In the last two decades, we have seen a radical change in the therapy and prognosis of Multiple Myeloma (MM). Recent research on the role of the bone marrow microenvironment as integrant part of the biology of MM and the possible therapeutic interference at this level are leading to control and regression of the malignant plasma cell clone with a recognized clinical impact. Thalidomide, an old drug thought to interfere on the bone marrow microenvironment, is active not only for the treatment of refractory patients but also, as was recently shown, for induction and/or remission maintenance therapy. Most of the side effects (somnolence, constipation, fatigue, tremor, bradycardia, edema, and neuropathy) can be managed by reducing the dose and most patients need a dose reduction. The appropriate dose of thalidomide in myeloma is unknown. We treated thirty-five patients with MM with low-dose thalidomide (200mg or less). Twenty four patients were on maintenance therapy (13 after bone marrow transplantation, and 11 after chemotherapy with VCAP/VMCP); 5 patients were treated after relapse, 4 with refractory disease and 2 for remission induction as a first line therapy.

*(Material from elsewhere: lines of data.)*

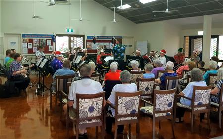 Ross River Rotary Club joined the Thuringowa Brass Band at St James Retirment Village and RSL villas for a festive afternoon of Christmas Carols plus the distribution of bags of lollies!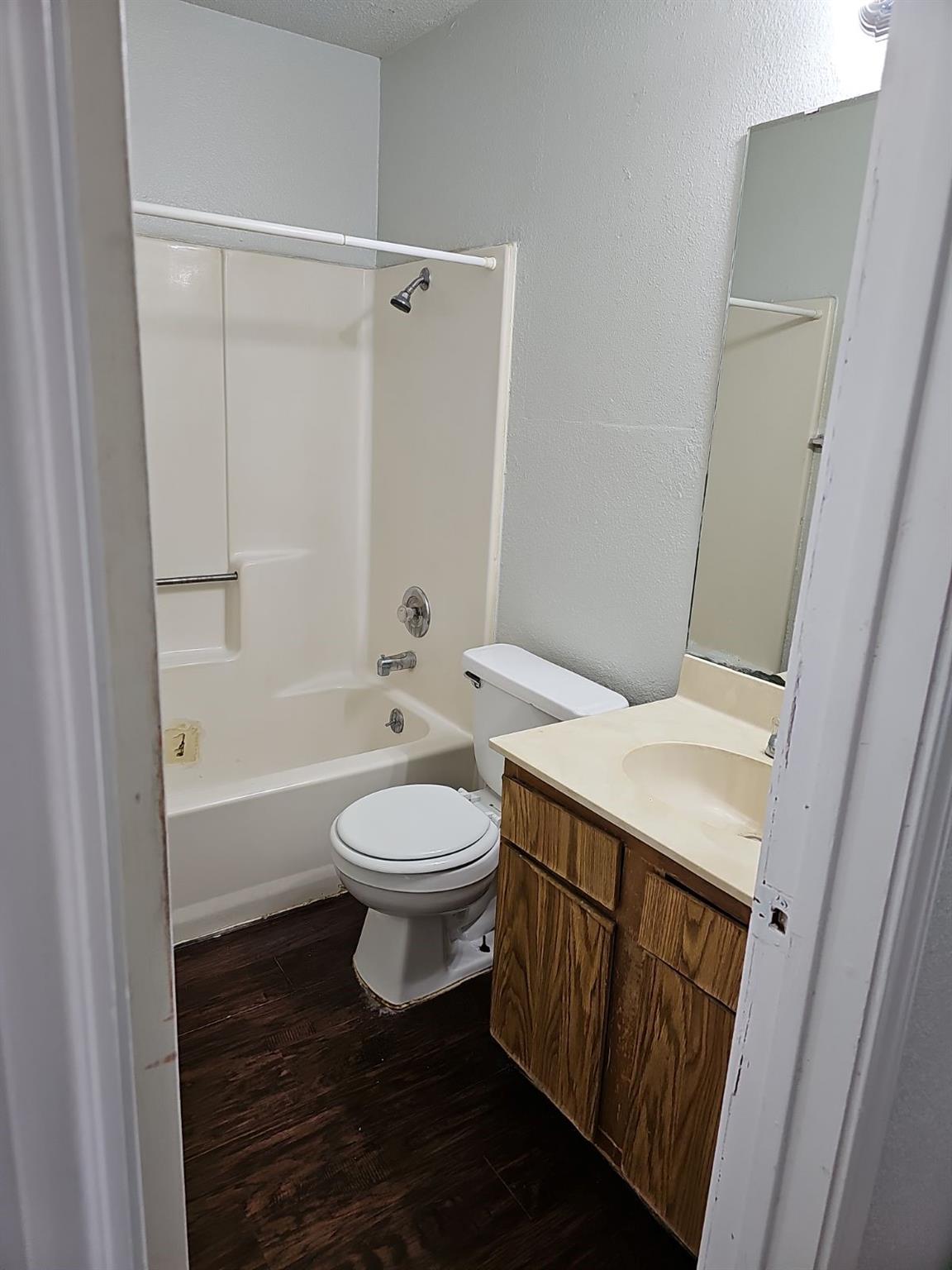 3 bedroom, 2 bath with 1 car garage. Mother in Law floor plan. Living area features high ceiling and wood burning fireplace. Kitchen features all appliances and pass through bar to living area. Carpet and blinds throughout. Full size washer and dryer connections. Fenced back yard, lots of shade trees. Convenient to shopping, schools and highways/toll.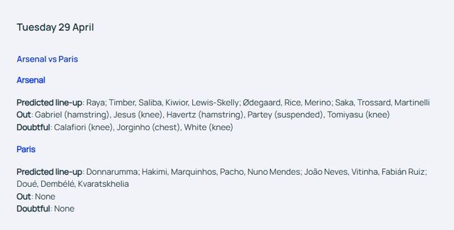 경기를 앞두고 UEFA는 공식 홈페이지를 통해 챔피언스리그 준결승 1차전 예상 라인업을 공개했다. 이때 이강인이 아스널과의 첫 번째 대결에서 선발로 나서지 못할 것으로 내다봤다.

Patients were treated at the Hematology and Bone Marrow Transplantation Service of the Hospital de Clínicas de Porto Alegre, RS, Brazil, from march/2001 to December/2003. The response as measured by hemoglobin level, immunoglobulin (M component) or urinary light chain concentration and bone marrow examination was evaluated before, 3, 6, and 12 months after the beginning of thalidomide.

Results: All patients are alive and well. Fifty one percent are on 100mg schedule; of the patients on maintenance therapy 90% are on complete remission or on a sustained plateau. A Wilcoxon ranks test for the immunoglobulin level before and after 6 months for the entire group showed p=0.001 (25–75%).

Conclusion: Low dose thalidomide is tolerable and effective.